Deliberately kill some of the osteocytes in the piece of bone, either all those at one end, or in stripes, or some other pattern.
* Maybe calcium phosphate will dissolve less completely, or more slowly, next to the living osteocytes? (meaning what?)

* When this piece of demineralized bone is put back in tissue culture media, will calcium phosphate crystals form faster (or sooner? or only?) in the areas nearest the living bone cells?
? What would this prove, or disprove?
[Hint: suppose there really is an "osteoid" protein, that itself causes/promotes/accelerates re-precipitation of calcium phosphate]

Add a calcium-sensitive fluorescent dye to tissue culture medium, and look for any patterns or unequal distribution of fluorescence around an embryonic piece of bone.
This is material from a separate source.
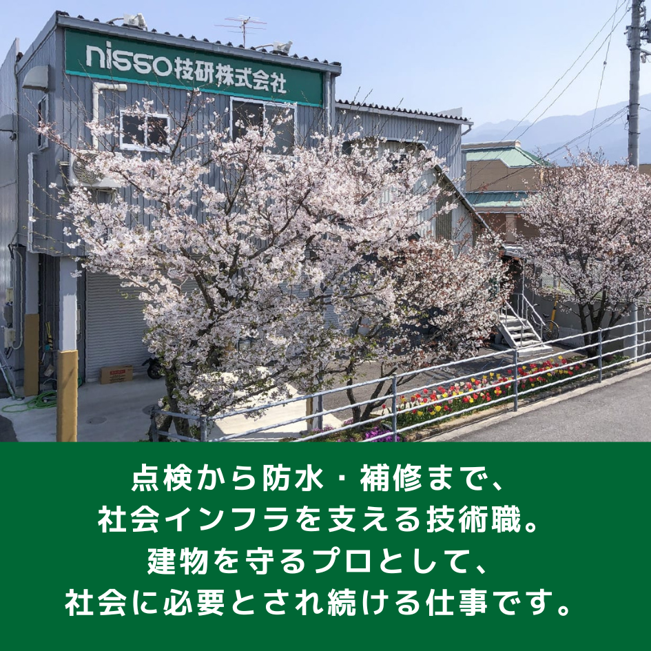 ニッソー技研は、学校や病院、橋など、社会に欠かせないインフラを守る仕事をしています。

Specifically, will calcium concentration be depleted next to where bone is forming? Will calcium concentration be depleted only near living osteocytes?

Add one of the diphosphonate drugs to tissue culture medium. Then soak a piece of embryonic bone in this medium, Is there any way to prove whether or not the drug gets incorporated into newly forming bone?
Whether it gets incorporated into already-existing bone?
Whether dissolving of the calcium phosphate of bone is in any way reduced, or slower, or less complete, or requires more EDTA when that bone had been exposed to diphosphonate drugs?
Or is there less dissolving of calcium phosphate only from bones that were "synthesized" (for lack of a better word!) in the presence of a diphosphonate drug?

By adding EDTA and proteolytic enzymes to saline, and soaking pieces of embryonic bone in it, probably one could isolate reasonably pure populations of living osteocytes, that could then be put in tissue culture media, kept alive, growing, dividing and making more bone.
? What experiments could you do with such tissue cultures of living, bone producing osteocytes?
? Suppose they cause new bone to form around all surfaces of osteocytes?
? Suppose the new bone only forms between osteocytes, that are close to each other?
? Suppose the new bone only forms under osteocytes, in the sense of between them and their glass or plastic substrata?
? Suppose that bone production were strongly different depending of properties of the substratum? (For example. suppose that some areas were made to be negatively charged, and more bone got formed there?
? Or suppose some areas of substratum were smoother, or some areas were more flexible?
[Note: all these properties have been discovered (somewhat unexpectedly) to change differentiation of certain other cells!]

? What if you cultured osteocytes in tissue culture media that contained enough EDTA to prevent formation of the calcium phosphate component of bone?
? Would you expect the collagen and osteoid components of bone would still be secreted?
? What if you cultured many osteocytes on plastic for a long time, in the presence of enough EDTA to prevent bone formation;
And what if you then replaced the medium with normal medium (no EDTA), what are some alternative possible results?
* Bone production at the normal rate?
* Rapid bone formation (using the already-secreted collagen and osteoid, and/or other non-mineral components?
* Bone formation in areas where osteocytes had been (during the time when EDTA medium was used), even where no osteocytes are now located there? (Possibly because you killed or removed some of the osteocytes; or because osteocytes had crawled over that part of the substratum.)

Think what could be proved or disproved by these alternative observations!

[Notice how much of the discussion above is the exact reverse of what many/most people think is the "Scientific Method."

# Do experiments, where something-or-other ought to happen.
## Look for consistent, reproducible results of experiments.
### Try to invent hypothetical phenomena that would have predicted these observed results.]

What do you think about the following quote?

"Observations should never be accepted until they have been checked for consistency with relevant theories."

(I owe this quote to my former collaborator Prof. Micah Dembo of Boston University. Thank you, Micah.)